— В это место. В эту реальность. Ты принял ее, не задавая вопросов, — почти восторженно сказал красноглазый парень и шлепнулся на камень. — Ты… Что-то понял, Синдзи-кун?
Синдзи задумался: мысли были просты, вразумительны и понятны. Если он здесь, то это место реально. Если он попал сюда, то должен быть выход. Если… то… Он кивнул:
— Да, я не вижу смысла говорить об этом месте, Нагиса. Если мы можем поговорить только здесь, то так тому и быть.
— Понимаю, — протянул Каору, подбирая ноги. — То есть, ты решил поговорить, и сам нашел путь сюда…
«Поговорить?.. Да, я хотел с ним поговорить… И, наверное, хочу и сейчас».
— Полагаю, мне не надо спрашивать, стал ли ты одним со своим оружием.
Синдзи вздрогнул: в его голове взрывом взметнулся ворох сжатых образов, принадлежавших новому существу — металлическому телу с его разумом. Холод игл, нечеловеческое восприятие, не требующее шкал и датчиков, ощущение новых органов, послушных его воле, чувство безграничной холодной мощи…
— Так-так…
Он поднял глаза и посмотрел на обескураженного, но довольного Каору. Тот взлохматил волосы и сказал:
— Ты подошел к тому моменту, когда я могу передать тебе приказ отца… К моменту, когда я, наконец, стану совсем свободен…
Каору вскочил и крутнулся, с криком широко разведя руки:
— Он готов!
Синдзи выжидающе смотрел на него, и Каору быстро успокоился, с восхищением цокнул языком:
— Ах, какая выдержка… Ты и впрямь лучший, Синдзи-кун!
— Лучший?
— Слушай же приказ своего отца, Икари Синдзи, — торжественно сказал Каору, протягивая ему руку, — Твой отец повелевает тебе… Тебе…
Нагиса запнулся, и Синдзи с недоумением увидел, как тот дергает лицом, словно что-то мешает ему говорить, и понял, что это, только за мгновение до взрыва хохота. Беловолосый согнулся пополам и булькал сквозь смех:
— Ой… Не… ха-хаха-ха… Не могу…
«Идиотизм».
Каору вдруг выпрямился и потянул носом воздух:
— О… даже так? Ну что же, тогда без пафоса. Синдзи-кун, ты должен стать богом.
«Богом? Ну, надо же…»
Синдзи стоял, чувствуя холод тумана, и не ощущал более ничего: он знал, что Нагиса серьезен; знал, что дальше будет почти наверняка кошмарный путь, на который выставил его отец; что даже если «бог» — это всего лишь метафора, его ждет только новое изменение…
— А ты и впрямь готов, Синдзи-кун…
— Готов к чему? — спросил Синдзи. — У приказа есть уточнение?
— О, да.

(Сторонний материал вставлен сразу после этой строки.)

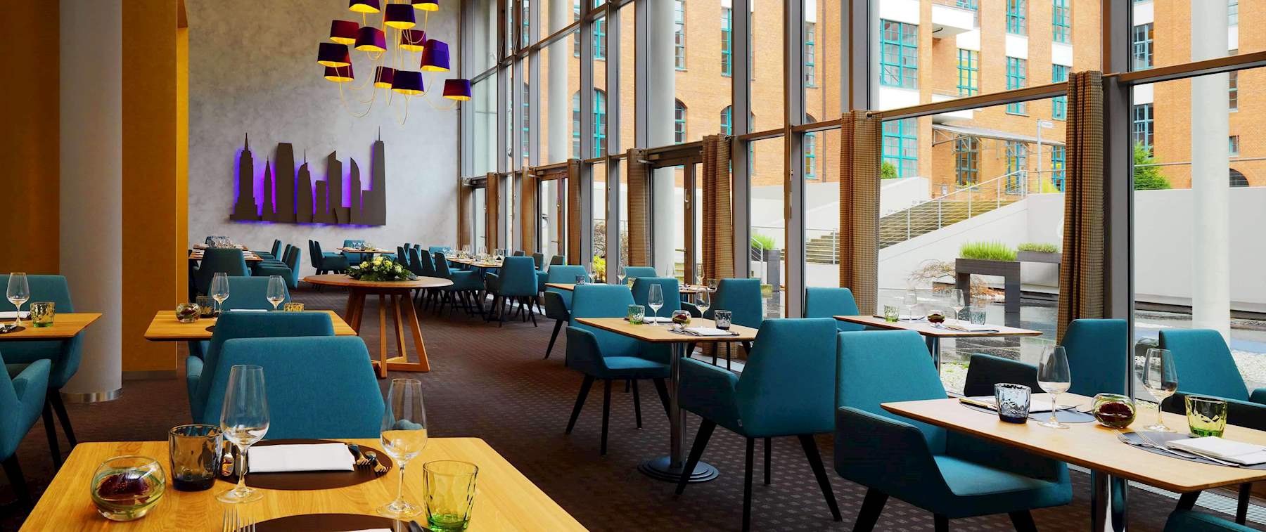 Nehmen Sie, mit Blick auf die New Yorker Skyline, unter den imposanten Designerlampen Platz und lassen Sie sich von uns verwöhnen.

И ты сделал один… Нет, почти два шага к нему.
— Слушаю.
— «Слушаю…» — недовольно передразнил Каору. — Ну давай, смотри, не растеряй энтузиазм по дороге.
Каору прошелся взад-вперед по неровной площадке, подышал в туман, глядя перед собой невидящими глазами, и тихо сказал:
— Синдзи-кун, ты хочешь победы над этим всем?

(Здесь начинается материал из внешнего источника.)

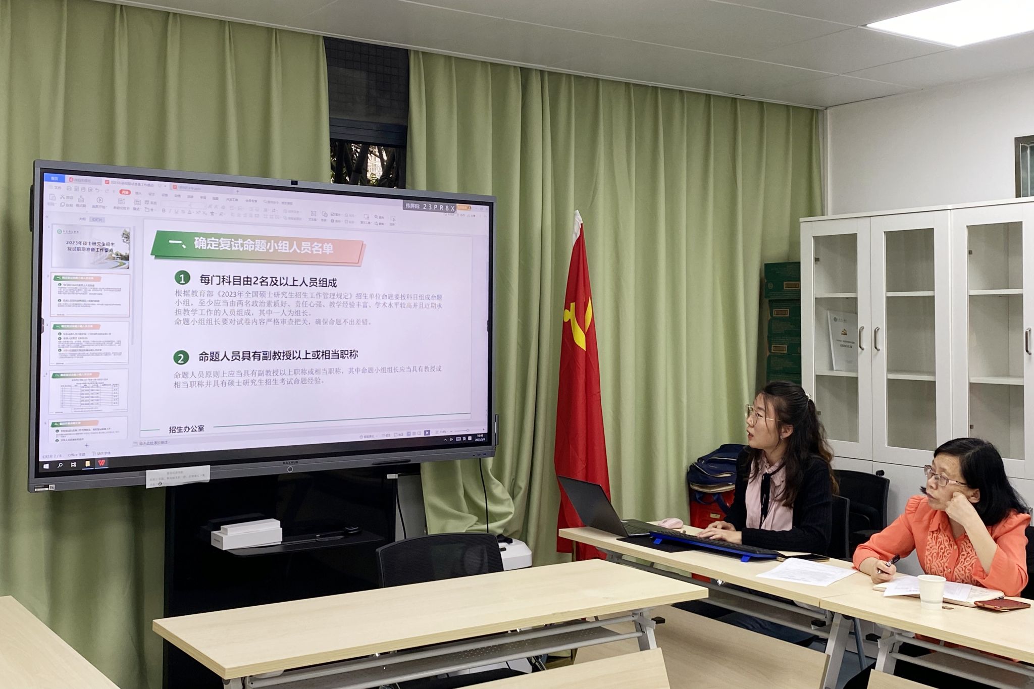 公司研究生招生负责老师逯瑶传达了公司2023年研究生招生录取工作布置会的相关文件精神和进度安排。

«Над пустошью. Над мутантами. Над Атомными землями. После победы — новый мир, пусть невозможный, но ведь он и спрашивает о моем желании, не о факте. Ах да, он сумасшедший…»
— Да, хочу.
— Хорошо. А что дальше?
— Дальше?
— Да, Синдзи-кун, что будет дальше? После победы?
«Дальше… Три сверхдержавы со своими интересами. Нет больше общего врага, есть неосвоенные земли с ресурсами».
— Дальше — еще одна война, Каору. Возможно, ядерная.
Нагиса кивнул:
— Да. Хорошо, а потом?
«Потом? Новый мир — страшный, похожий на эти пустоши. Пустоши, где кипит… Война».
— Потом тоже будет война, Каору.
— Да. Даже если люди отправят себя в каменный век, они пойдут по новому циклу: племя на племя, народ на народ. За технологии, за пастбища, за женщину, за сокровище…
«Война…»
— Люди, Синдзи-кун, не прекратят своей глупой забавы, даже поигрывая ядерной бомбой, даже понимая, что дальше жалкому большинству выживших придется воевать камнями. Потому что война… Война вечна.
Он кивнул в ответ.
— Да. Но что мне до того?
— Тебе? Ты это остановишь. Навсегда.
Каору смотрел на него спокойно и без издевки, даже с каким-то настороженным интересом.
— Почему?
— Потому что войну можно закончить, только создав живого бога, обреченного восставать против войны. Вот представь: идет себе племя… Или нет, полный отряд ополчения, самураи, знамена плещут… Нет, не то: вот идут… В общем, — оборвал себя Каору, — плевать кто, главное, представь, — идут. Воевать. Сосед заелся, в жиру купается, или территория у него слишком большая, или нефти много с ураном вперемешку…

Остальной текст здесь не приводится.